One obvious use for loops is to retry some logic if an error occurs, but there's no need to design looping flow because Direktiv has configurable error catching & retrying available on every action-based state. This will be discussed in a later article.

Handling errors can be an important part of a flow.

Demo

direktiv_api: workflow/v1
functions:
- id: http-request
  image: gcr.io/direktiv/functions/http-request:1.0
  type: knative-workflow
states:
- id: do-request
  type: action
  action:
    function: http-request
    input:
      url: http://doesnotexist.xy
    retries:
      max_attempts: 2
      delay: PT5S
      multiplier: 2.0
      codes: [".*"]

In this example a request is being made to an URL. This URL does not exist to simulate the retry mechanism. It uses the multiplier to try within 5 seconds the first time and 10 seconds the second time.

Catchable Errors

Errors that occur during instance execution usually are considered "catchable". Any flow state may optionally define error catchers, and if a catchable error is raised Direktiv will check to see if any catchers can handle it.

Errors have a "code", which is a string formatted in a style similar to a domain name. Error catchers can explicitly catch a single error code or they can use * wildcards in their error codes to catch ranges of errors. Setting the error catcher to just "*" means it will handle any error, so long as no catcher defined higher up in the list has already caught it.

If no catcher is able to handle an error, the flow will fail immediately.

direktiv_api: workflow/v1
functions:
- id: http-request
  image: gcr.io/direktiv/functions/http-request:1.0
  type: knative-workflow
states:
- id: do-request
  type: action
  action:
    function: http-request
    input:
      url: http://doesnotexist.xy
    retries:
      max_attempts: 2
      delay: PT5S
      multiplier: 2.0
      codes: [".*"]
  catch:
  - error: "direktiv.retries.exceeded"
    transition: handle-error
- id: handle-error
  type: noop
  log: this did not work

In this case the flow catches the failed retries and transitions to handle-error and the flow finished successful.

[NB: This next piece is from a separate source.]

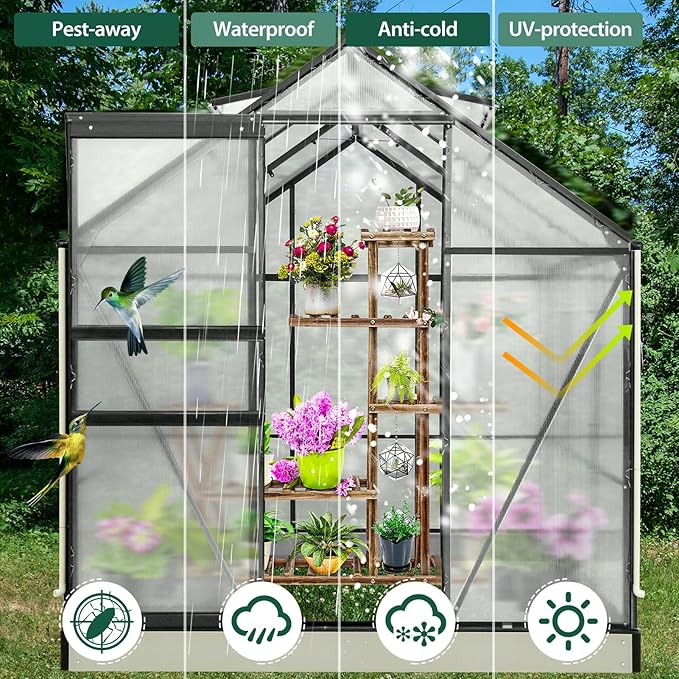 - PREMIUM MATERIAL: The outdoor hobby green house is made of a high quality aluminum frame and 4 mm twin-wall poly carbonate roof panels. The transparent panels help block UV rays but also allow maximum light transmission.

Every other error will mark the flow execution as failed.

Uncatchable Errors

Rarely, some errors are considered "uncatchable", but generally an uncatchable error becomes catchable if escalated to a calling flow. One example of this is the error triggered by Direktiv if a flow fails to complete within its maximum timeout.

If a flow fails to complete within its maximum timeout it will not be given an opportunity to catch the error and continue running. But if that flow is running as a subflow its parentflow will be able to detect and handle that error.

Retries

Action definitions may optionally define a retry strategy. If a retry strategy is defined the catcher's transition won't be used and no error will be escalated for retryable errors until all retries have failed. A retry strategy might look like the following:

    retry:
      max_attempts: 3
      delay: PT30S
      multiplier: 2.0
      codes: [".*"]

In this example you can see that a maximum number of attempts is defined, alongside an initial delay between attempts and a multiplication factor to apply to the delay between subsequent attempts.

Recovery

Flows sometimes perform actions which may need to be reverted or undone if the flow as a whole cannot complete successfully. Solving these problems requires careful use of error catchers and transitions.

Cause Errors

Sometimes it is important to fail the flow with a custom error. This is possible with the error state. This can used e.g. in switch states.

direktiv_api: workflow/v1

states:
- id: a
  type: switch
  defaultTransition: fail
  conditions:
  - condition: 'jq(.y == true)'

- id: fail
  type: error
  error: badinput
  message: 'value y not set'

In this example if the payload does not contain y: true the flow fails. The error throwns badinput is thrown and the flow failed. The error badinput could be caught by a parent flow.